Most of Teliof’s work is a sort of work-in-the-shadow-of, causing a great deal of name dropping. Even the likes of Magma come to mind, only without the madness and gibberish, so there is altogether much respect to the past quite unavoidably in such a genre. This manifests also with the guest appearances (Shir Deutch from Solstice Coil, Gil Idan from Eggroll, various members from Atomic etc.) enriching the experience and making it feel even more epic.

As in any progressive album, “Is It?” has a center piece answering the question with “It Is”. Starting as on off-beat jam session, it is certainly varied and the band doesn’t just shoot around a musical machine-gun with genres for bullets waiting for a hit but rather miraculously incorporated them well coherently.
“It Is” has it all – some drama heaviness, needed humor lightness, fairy dusted fantasy, helpful sex appeal, straight on realism, but mostly importantly – it’s a fun listen; just like in the old days it has a beginning, middle and end. My only bone to pick with it is the Funky bit (part 7) which is off place, and goes into progressive-metal territory armed with castrated distortion alone. However, immaculate sound, reprises and melodies revised all create a rather well-spun web by the five-headed spider Teliof.
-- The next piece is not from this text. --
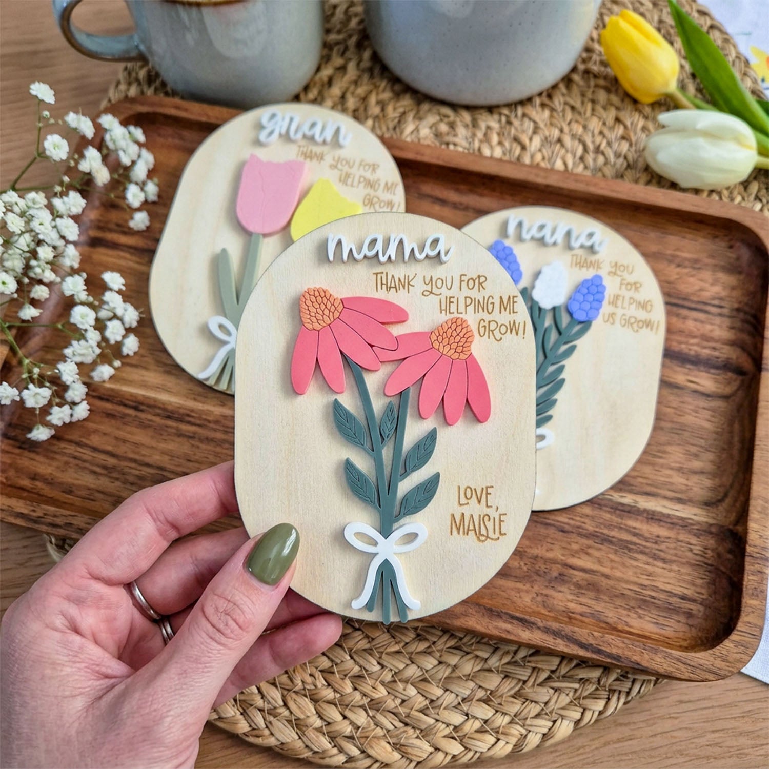 Personalized Quote Floral Wooden Magnet Sign, Thank You For Helping Me Grow Gift, Personalized Mother’s Day Refrigerator Decor

The bicycle trip of is it doesn’t end it the centerpiece, but rather take a flowery turn in “Piece Of Cake”, another to a friendly ally in “Flirting With Hope”, a slow one to the mellow “Five To Dusk” and finished with notes of classical in “Candy Rehab” leading to no other than a jazzy finish. “Pull up the chairs and sweep the floor, honey, it’s closing time”.

All in all, “Is it?” is very colorful, but like anything colorful this wouldn’t necessarily meet every taste. Too much color can sometimes be overwhelming.
My only concern is that Teliof would somehow fall between the ranks, and not meet prog-rock lovers’ taste for they aren’t complex, technical or polished enough nor would meet the more pop/rock loving’ tastes for they come off as too unfocused, too “happy” and festive and are rarely catchy enough to provide a hit here.
If there is a middle ground, Teliof not only walk on it, but do flips & somersaults from side to side on it. Whoever’s up for that is welcome.